A Shanghai Airlines flight en route to Hong Kong returned to the Pudong International Airport yesterday after smoke from the air-conditioning system filled the aircraft. Plenty of passengers were nervous, but none were injured.

The FM809 flight, operated by a Boeing 757 jet, left the Shanghai airport at 11:19am for Hong Kong, but when smoke appeared and emergency oxygen masks popped out, the aircraft returned to the airport and landed at 12:10pm.

"Initial investigation showed that the smoke came out from air conditioner system, which should not affect the safety of the flight. But after the Yichun air crash, we are more cautious and decided to fly the aircraft back," a spokesman of Shanghai Air told Shanghai Daily yesterday.

A passenger who sat at the 19th row told China National Radio that he saw smoke come out from the fourth or fifth row after the plane took off and some passengers alleged they saw sparks.

He said the smoke gradually spread to the economy class. Air attendants tried to control the smoke with a fire extinguisher, but failed. Later, first class passengers were evacuated to the economy class and air crew talked to people through the process of donning oxygen masks, he said.

Nervous passengers

The passenger said it was hard to open eyes amidst the smoke and passengers were all very nervous. After the plane landed in the Pudong airport, three fire engines were waiting at the parking apron with ambulance, he said.

The Shanghai Air spokesman said maintenance staff are conducting further investigation into the accident.

A ground handling official said the 131 passengers took three other flights to Hong Kong at 2pm, 3:30pm and 4pm.

The aircraft had been scheduled to take off at 10am, "but it was delayed because of air traffic control," the official said.

On the night of August 24, a ERJ-190 plane of Henan Airlines crashed during its landing at Lindu Airport of the northeastern city of Yichun, killing 42 people.

Since the crash, the Civil Aviation Administration of China has been making safety inspections of the nation's passenger airline network.
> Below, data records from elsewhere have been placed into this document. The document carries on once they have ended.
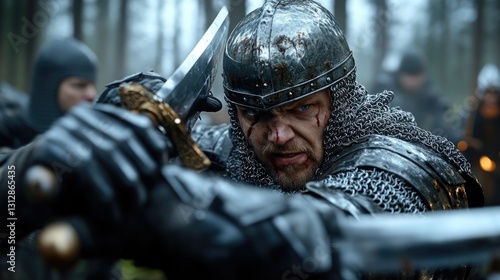 Brave knight era in armor: sword combat, shield defense, chivalric courage, medieval warriors, heroic battles, noble knights, battlefield strategy, armored protection, legendary feats, weapon mastery.
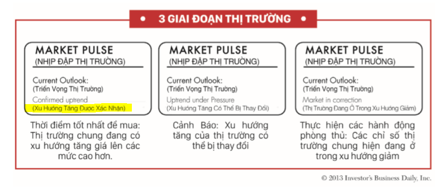 Đối với William O’Neil, thời điểm thị trường được xác nhận là ở trong xu hướng tăng giá sau khi có ngày BÙNG NỔ THEO ĐÀ. Vì thế, bạn nên thường kiểm tra hộp Nhịp Đập Thị Trường (Market Pulse) trong chuyên mục Bức Tranh Toàn Cảnh của Nhật Báo IBD để biết thị trường ở một trong ba giai đoạn sau.
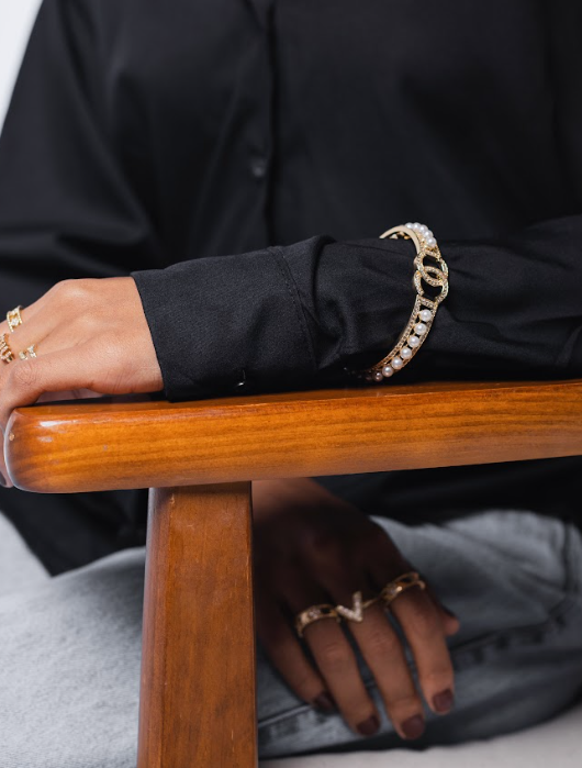 Inspiração da mais alta joalheria. Com strass e pérolas cravejadas. Uma peça que transmite elegância, sofisticação, poder e muito estilo.
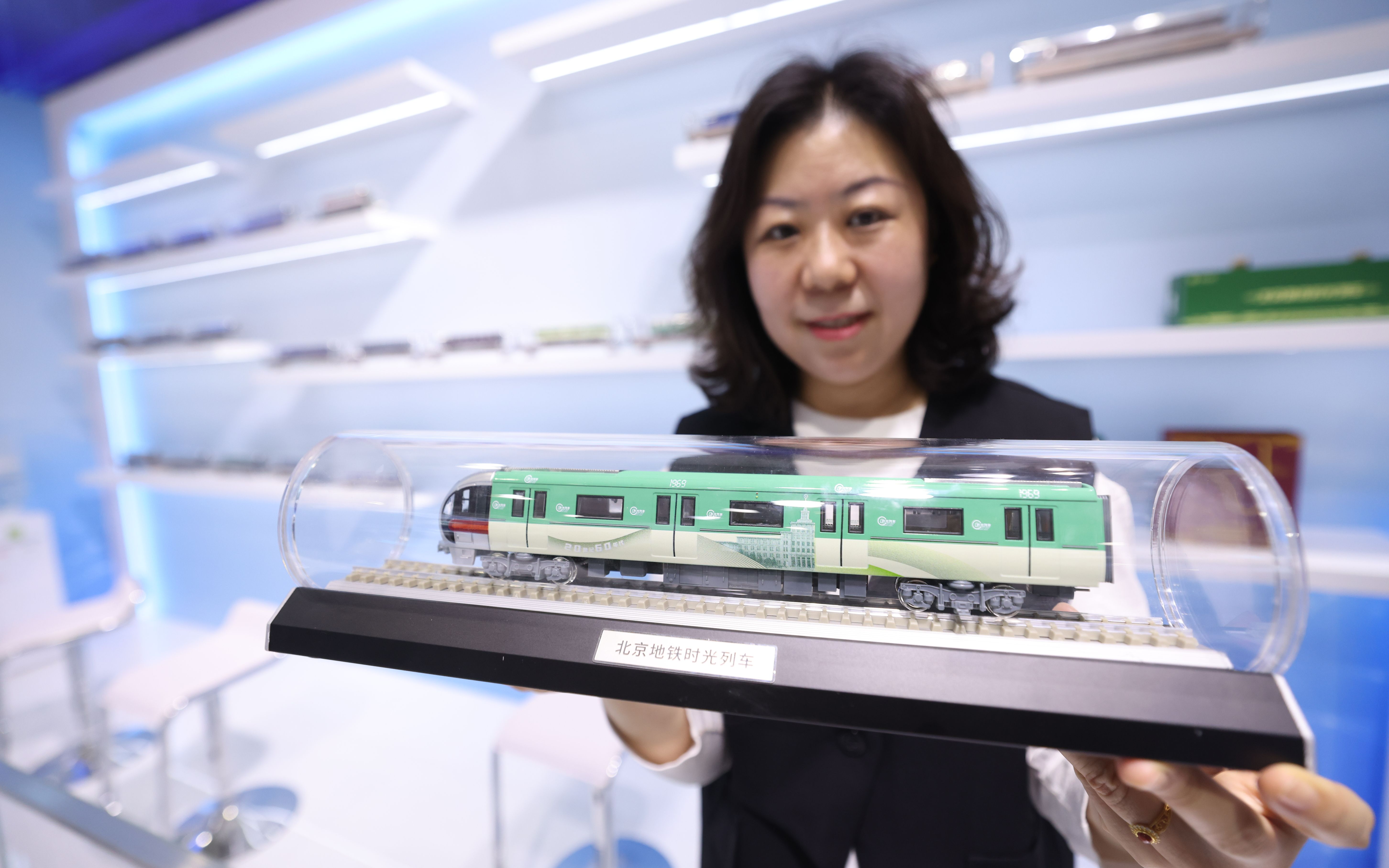 北京地铁展区,工作人员展示地铁时光列车模型。新京报记者 王贵彬 摄

Chairman of Air China Kong Dong said yesterday in Hong Kong that the recent crash of Henan Air was due to overexpansion under previous management.

Air China's subsidiary Shenzhen Airlines holds a 51 percent stake in Henan Airlines. Kong said that Li Zeyuan, the former controller of Shenzhen Air, expanded the business too quickly at the expense of flight safety. Kong said it was Shenzhen Air's responsibility to improve Henan Air's operation safety.